#### Task material
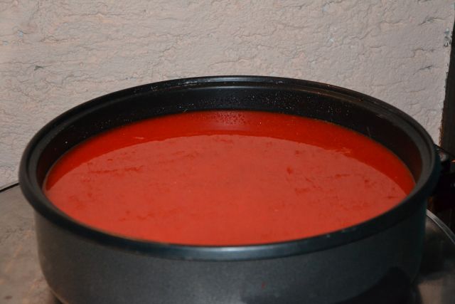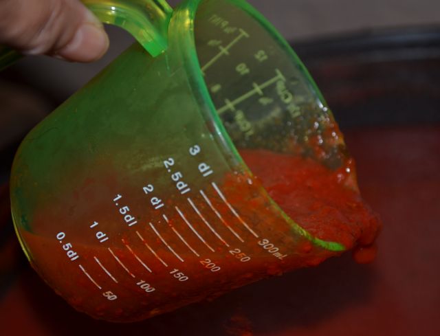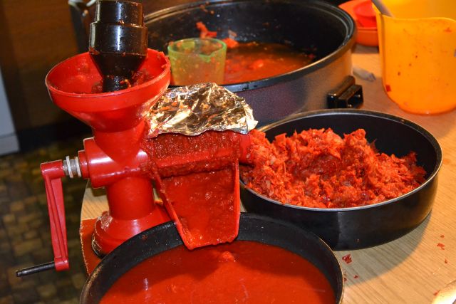 Dva dni kasneje, ko sem si temeljito odpočila, mi pri čiščenju paradižnika in paprike ter rezanju pomaga mož. Naslednji dan hladno maso pasiram sama, lepo mi gre od rok. Dobro no, malo teče ob mizi, a na stol dam polivil in krpo in na to posod, da vse ne teče po tleh.
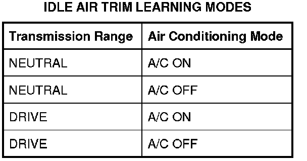 Idle Air Trim Learning Modes:
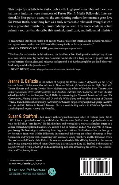 This project pays tribute to Pastor Bob Rieth. High profile members of the entertainment industry were members of Pastor Rieth’s Media Fellowship International. In first-person accounts, the contributing authors demonstrate great love for Pastor Rieth, describing him as a truly remarkable relational evangelist who was a powerful minister of Jesus's redemptive love. This book contains actual primary sources that describe this seminal, significant, and influential ministry.
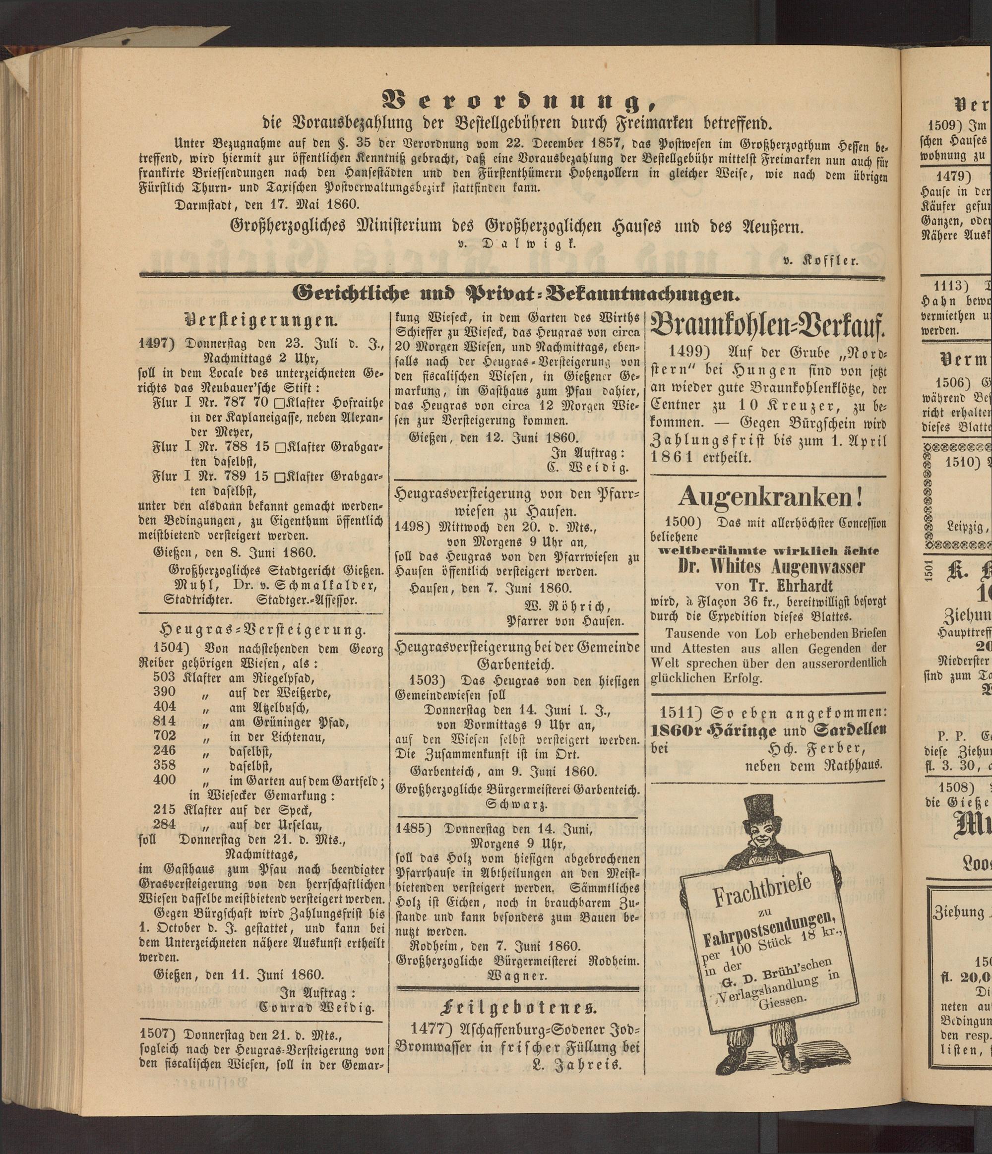 1499) Auf der Grube „Nordstern" bei Hungen sind von jetzt an wieder gute Braunkohlenklötze, der Gentner zu 1 0 K r e u z e r, zu bekommen. — Gegen Bürgschein wird Zahlungsfrist bis zum 1. April 18 61 ertheilt.
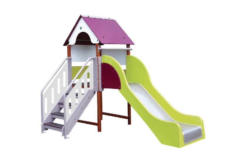 Poteaux et traverses en bois massif traité autoclave classe IV avec 2 couches de lasure coloris taupe.Section 7 x 7 cm.Panneau en HPLPlancher, rampe et marches en panneau multiplis revêtu d’un film antidérapantEléments métalliques en acier revêtus d’une laqueFixations au sol en acier galvaniséVisserie inox et zinguéeJeu conçu en référence à la réglementation ainsi qu’aux normes ...
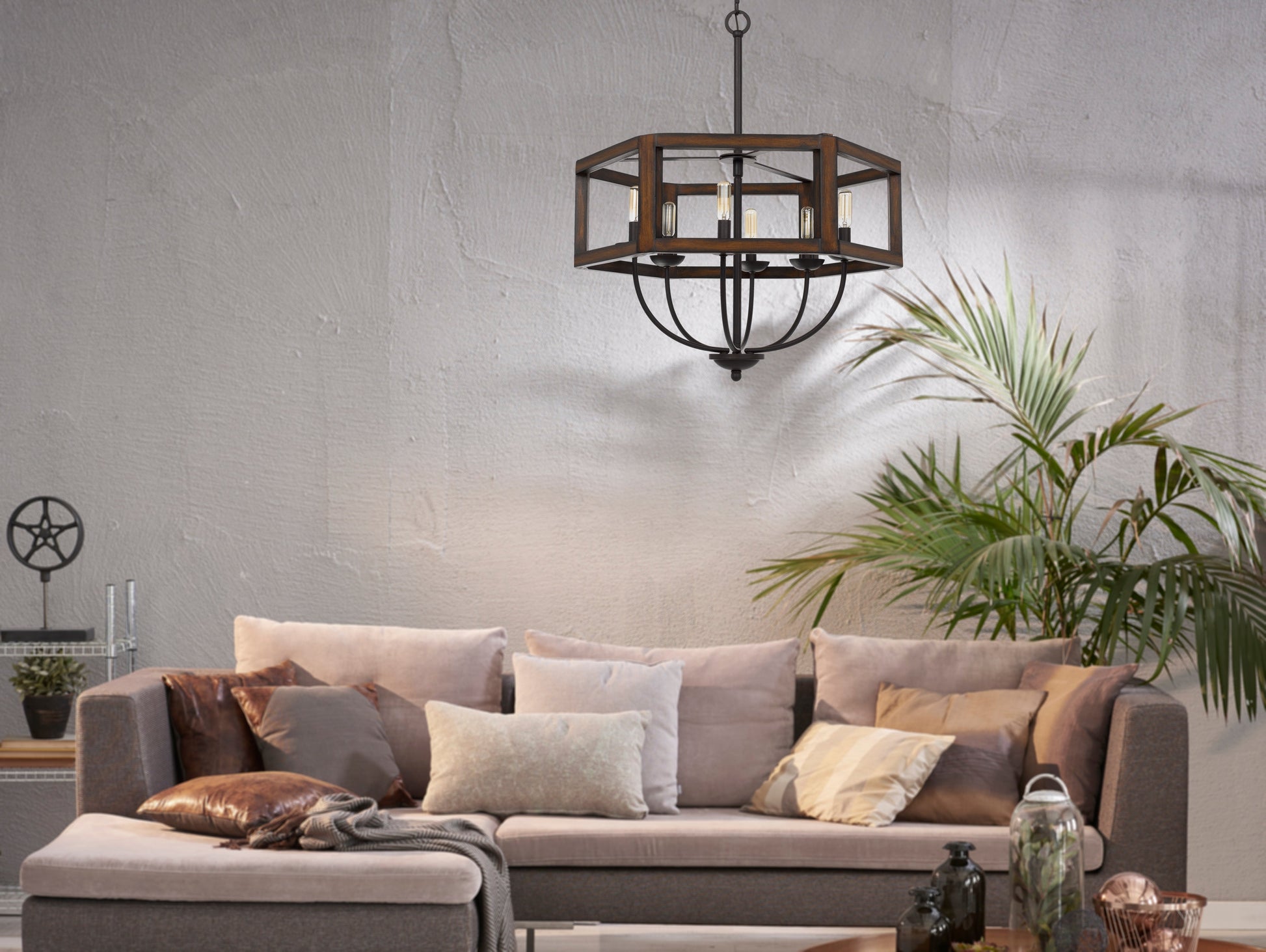 60W x 6 Renton hexagon rubber wood / metal chandelier
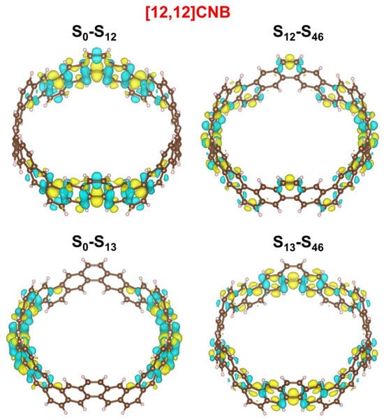 The strongest absorption peaks of the TPA spectra of [2N,2N]CNB are located at 500 nm, and the increases continuously with the increase in size (Figure 6a). The relationship between the size of [2N,2N]CNB and the maximum is also fitted (Figure 6b), and the curve is a quadratic function curve with a gradually increasing slope, which indicates that the gradually increased with the increase in size. Unlike the OPA spectrum, the TPA spectrum does not show a redshift of the absorption peak. By visualizing the charge transfer of the [2N,2N]CNB during the TPA process, it is found that the intermediate state in the transition process is the pair of degenerate states with the strongest oscillator intensity in the OPA spectrum. This is because this pair of degenerate states has the strongest transition dipole moment. Taking [2N,2N]CNB as an example, the strongest TPA peak of [2N,2N]CNB is contributed to by S46, S12, and S13, which are the intermediate states of S46. (Figure 7). The first-step transition of the two transition channels is the same as that of the OPA transition. The second-step transition is also a local excitation at both ends of the molecule, and the excitation region and the first-step transition are in a complementary state. The two-photon electronic transition processes of CNBs with different sizes are shown in Figures S1–S6. The second-step transitions of [6,6]CNB and [8,8]CNB are localized excitations located throughout the molecule. The two-photon transition process of [10,10]CNB, [14,14]CNB, and [16,16]CNB is the same as that of [12,12]CNB.
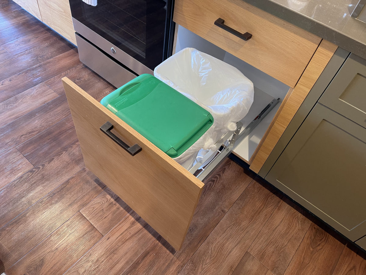 The trashcan and recycling bin are in a large drawer next to the oven.
########
**Problem to solve:** Wherever the listing shows a picture, omit it and output the rest exactly as given.

**Completed exercise:**
 Dva dni kasneje, ko sem si temeljito odpočila, mi pri čiščenju paradižnika in paprike ter rezanju pomaga mož. Naslednji dan hladno maso pasiram sama, lepo mi gre od rok. Dobro no, malo teče ob mizi, a na stol dam polivil in krpo in na to posod, da vse ne teče po tleh.
 Idle Air Trim Learning Modes:
 This project pays tribute to Pastor Bob Rieth. High profile members of the entertainment industry were members of Pastor Rieth’s Media Fellowship International. In first-person accounts, the contributing authors demonstrate great love for Pastor Rieth, describing him as a truly remarkable relational evangelist who was a powerful minister of Jesus's redemptive love. This book contains actual primary sources that describe this seminal, significant, and influential ministry.
 1499) Auf der Grube „Nordstern" bei Hungen sind von jetzt an wieder gute Braunkohlenklötze, der Gentner zu 1 0 K r e u z e r, zu bekommen. — Gegen Bürgschein wird Zahlungsfrist bis zum 1. April 18 61 ertheilt.
 Poteaux et traverses en bois massif traité autoclave classe IV avec 2 couches de lasure coloris taupe.Section 7 x 7 cm.Panneau en HPLPlancher, rampe et marches en panneau multiplis revêtu d’un film antidérapantEléments métalliques en acier revêtus d’une laqueFixations au sol en acier galvaniséVisserie inox et zinguéeJeu conçu en référence à la réglementation ainsi qu’aux normes ...
 60W x 6 Renton hexagon rubber wood / metal chandelier
 The strongest absorption peaks of the TPA spectra of [2N,2N]CNB are located at 500 nm, and the increases continuously with the increase in size (Figure 6a). The relationship between the size of [2N,2N]CNB and the maximum is also fitted (Figure 6b), and the curve is a quadratic function curve with a gradually increasing slope, which indicates that the gradually increased with the increase in size. Unlike the OPA spectrum, the TPA spectrum does not show a redshift of the absorption peak. By visualizing the charge transfer of the [2N,2N]CNB during the TPA process, it is found that the intermediate state in the transition process is the pair of degenerate states with the strongest oscillator intensity in the OPA spectrum. This is because this pair of degenerate states has the strongest transition dipole moment. Taking [2N,2N]CNB as an example, the strongest TPA peak of [2N,2N]CNB is contributed to by S46, S12, and S13, which are the intermediate states of S46. (Figure 7). The first-step transition of the two transition channels is the same as that of the OPA transition. The second-step transition is also a local excitation at both ends of the molecule, and the excitation region and the first-step transition are in a complementary state. The two-photon electronic transition processes of CNBs with different sizes are shown in Figures S1–S6. The second-step transitions of [6,6]CNB and [8,8]CNB are localized excitations located throughout the molecule. The two-photon transition process of [10,10]CNB, [14,14]CNB, and [16,16]CNB is the same as that of [12,12]CNB.
 The trashcan and recycling bin are in a large drawer next to the oven.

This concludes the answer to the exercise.